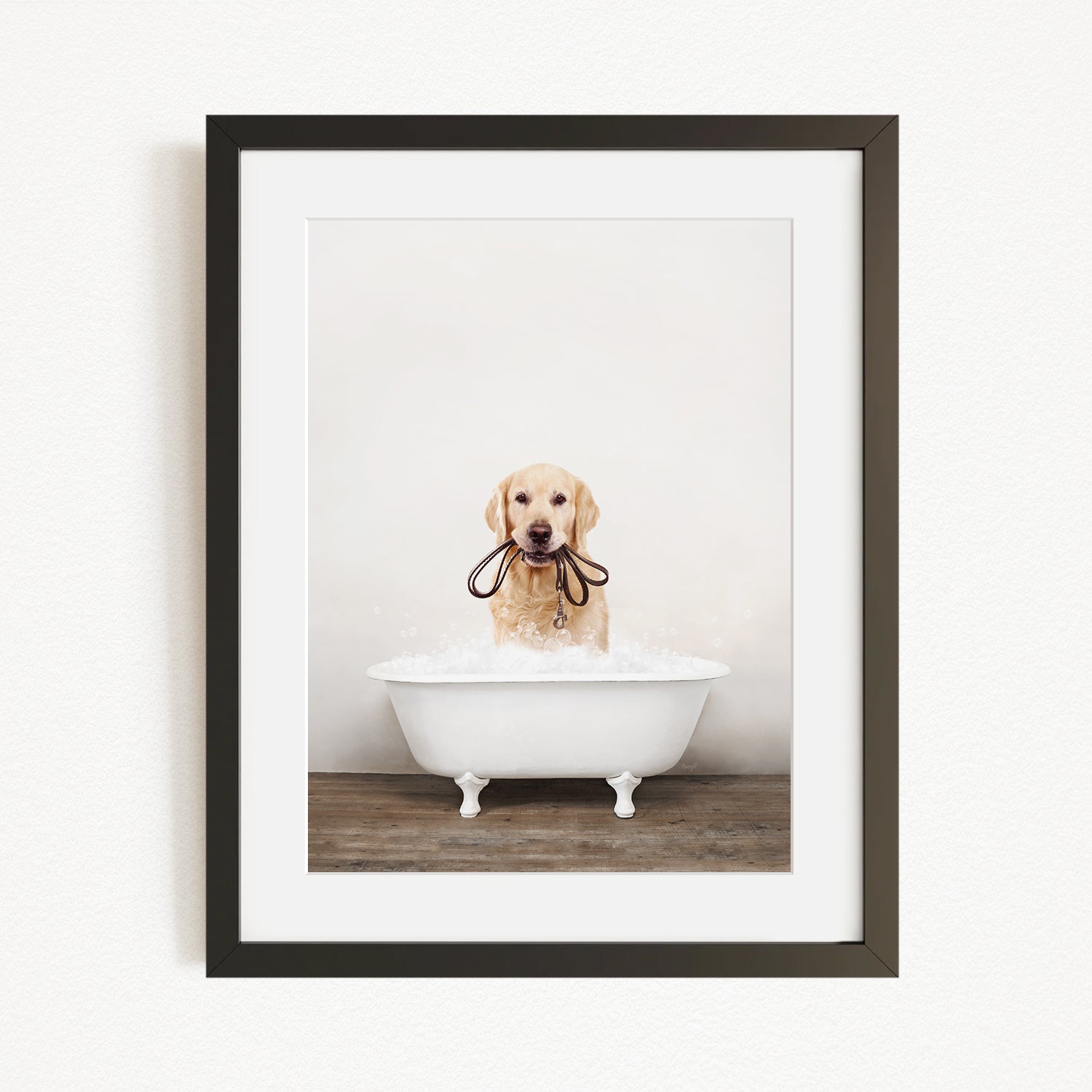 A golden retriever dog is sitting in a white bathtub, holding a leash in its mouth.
* * *
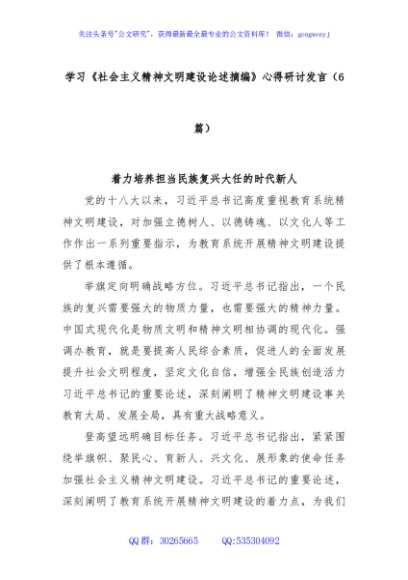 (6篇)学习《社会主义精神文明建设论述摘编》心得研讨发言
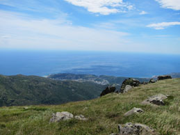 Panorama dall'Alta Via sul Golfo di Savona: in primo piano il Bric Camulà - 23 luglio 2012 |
...
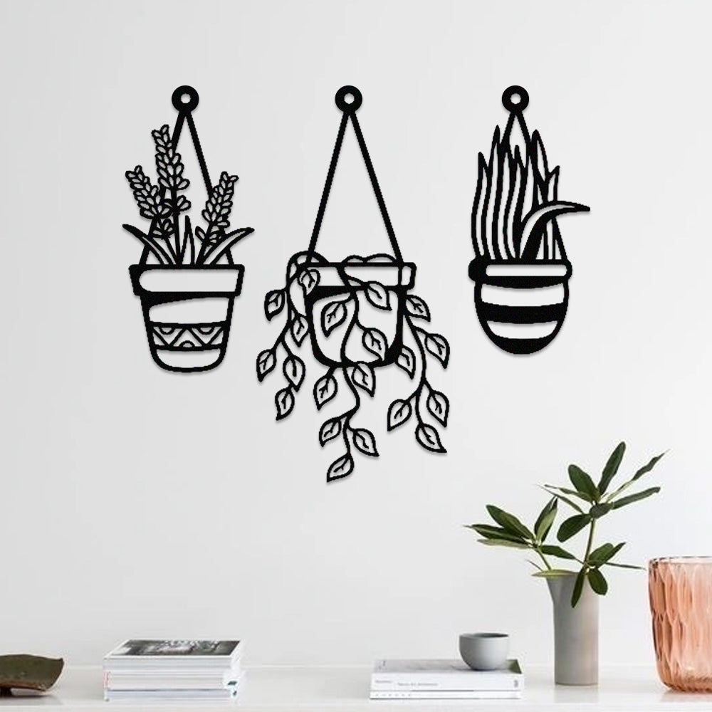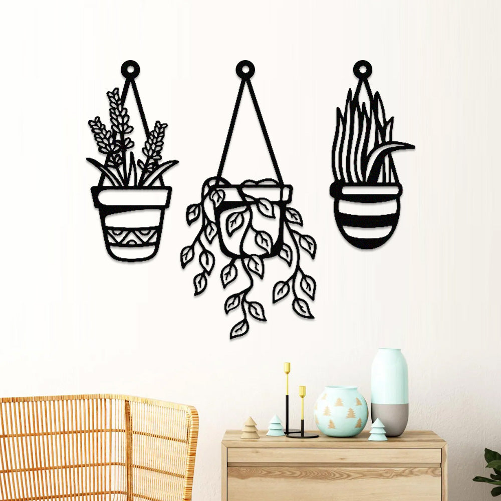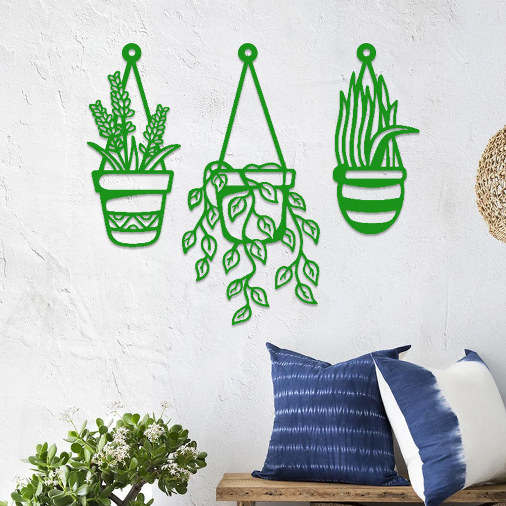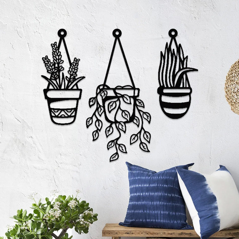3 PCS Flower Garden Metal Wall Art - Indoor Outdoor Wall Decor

**AIM OF THE TASK**:
A clean copy is needed of the lines in the listing above from the one with "(6篇)学习《社会主义精神文明建设论述摘编》心得研讨发言" through the one with "Panorama dall'Alta Via", exact in every word and free of pictures.

**WRITTEN REPLY**:
 (6篇)学习《社会主义精神文明建设论述摘编》心得研讨发言
 Panorama dall'Alta Via sul Golfo di Savona: in primo piano il Bric Camulà - 23 luglio 2012 |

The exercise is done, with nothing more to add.